Уединение, срывая с мирских объектов ложный блеск, в который их облекает фантазия, изгоняет из ума всякие тщетные амбиции. Привыкнув к сельским радостям и будучи равнодушным к любому другому виду удовольствий, мудрый человек больше не считает высокие должности и мирское продвижение достойными своих желаний. Благородный римлянин был переполнен слезами, будучи обязанным принять консульство, потому что это лишило бы его на один год возможности возделывать свои поля. Цинциннат, который был призван от плуга к верховному командованию римскими легионами, разгромил врагов своей страны, присоединил к ней новые провинции, совершил свой триумфальный въезд в Рим и по истечении шестнадцати дней вернулся к своему плугу.

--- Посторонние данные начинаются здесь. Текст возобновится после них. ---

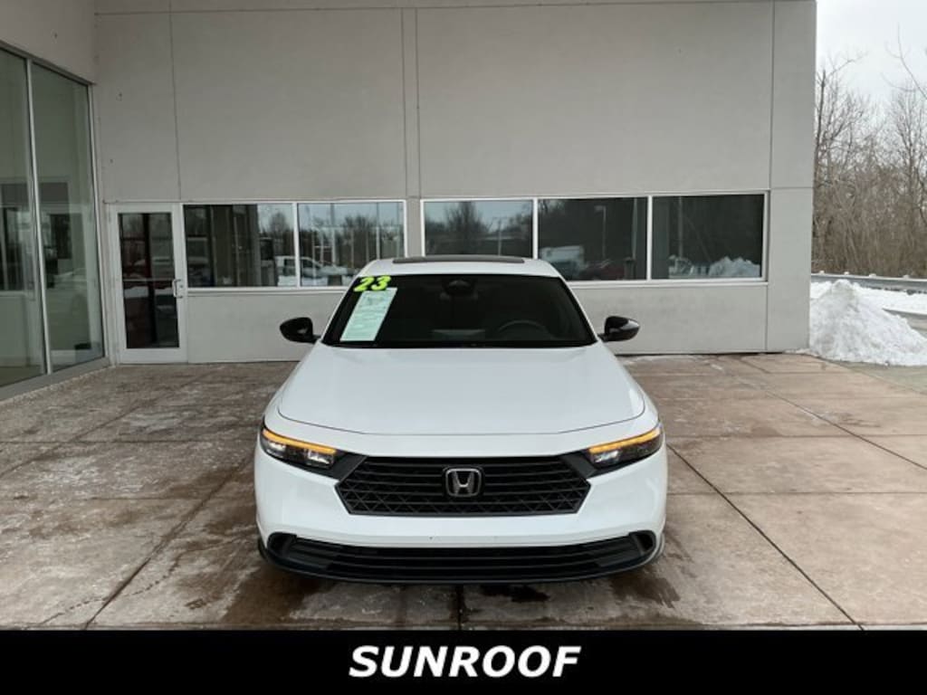 Jeff Wyler Springfield Auto Mall is excited to offer this attractive-looking 2023 Honda Accord Hybrid Sport in White. Well equipped with: 4-Wheel Disc Brakes, 8 Speakers, ABS brakes, Adaptive Cruise Control: Adaptive Cruise Control (ACC) with Low-Speed Follow, Air Conditioning, Alloy wheels, AM/FM radio, Apple CarPlay/Android Auto, Auto High-beam Headlights, Automatic temperature control, Brake assist, Bumpers: body-color, Compass, Delay-off headlights, Driver door bin, Driver vanity mirror, Dual front impact airbags, Dual front side impact airbags, Electronic Stability Control, Emergency communication system: HondaLink, Exterior Parking Camera Rear, Fabric Seat Trim, Four wheel independent suspension, Front anti-roll bar, Front Bucket Seats, Front Center Armrest, Front dual zone A/C, Front reading lights, Fully automatic headlights, Illuminated entry, Knee airbag, Lane departure: Lane Keeping Assist System (LKAS) active, Leather Shift Knob, Leather steering wheel, Low tire pressure warning, Occupant sensing airbag, Outside temperature display, Overhead airbag, Overhead console, Panic alarm, Passenger door bin, Passenger vanity mirror, Power door mirrors, Power driver seat, Power moonroof, Power steering, Power windows, Radio data system, Radio: 180-Watt Audio System, Rear anti-roll bar, Rear reading lights, Rear seat center armrest, Rear side impact airbag, Rear window defroster, Remote keyless entry, Security system, Speed control, Speed-sensing steering, Speed-Sensitive Wipers, Split folding rear seat, Spoiler, Steering wheel mounted audio controls, Telescoping steering wheel, Tilt steering wheel, Traction control, Trip computer, Variably intermittent wipers, and Wheels: 19 x 8.5J Berlina Black. Ask about available certifications. Used vehicles 10 years of age or newer with less than 100,000 miles are eligible for the Wyler Assurance Program, but eligible vehicles must pass our reconditioning process and multi-point inspection. Provided the vehicle passes inspection, vehicles will be eligible for the 6 month/6,000 mile limited warranty. The 6 month/6,000 mile limited warranty is NOT available on AS-IS vehicles, wholesale vehicles, lease buyback/pass-thru vehicles or un-inspected vehicles. Note that this program can also apply to vehicles where the remaining factory coverage is less than 6 months or 6,000 miles. Please check the Federal Trade Commission (FTC) Buyers guide on the vehicle for full details as to whether or not warranty coverage may apply. Contact Dealer for additional details. The Wyler Assurance 6 month/6,000 Mile limited warranty ends 6 months from the date of the Retail Purchase Agreement (BUYERS ORDER) or when the vehicle's odometer registers 6,000 additional miles to the mileage listed on the BUYERS ORDER, whichever comes first. Your Deductible - The warranty holder on your contract pays the first $100 of each covered repair.

Правда, обитатель скромной хижины, который вынужден зарабатывать свой хлеб насущный трудом, и владелец просторного особняка, для которого предусмотрена всякая роскошь, не пользуются равным уважением у человечества. Но пусть человека, который испытал обе эти ситуации, спросят, в какой из них он чувствовал наибольшее довольство. Заботы и тревоги дворца бесчисленно больше, чем заботы хижины. В первом недовольство отравляет всякое наслаждение; и его излишество — лишь несчастье в маскировке. Принцы Германии не переваривают весь тот приятный яд, который готовят их повара, так хорошо, как крестьянин на пустошах Лимбурга переваривает свой пирог из гречихи. И те, кто может не согласиться со мной в этом мнении, будут вынуждены признать, что есть большая правда в ответе, который хорошенькая французская деревенская девушка дала молодому дворянину, который уговаривал ее оставить свой деревенский вкус и удалиться с ним в Париж: «Ах! милорд, чем дальше мы удаляемся от самих себя, тем больше наше расстояние от счастья».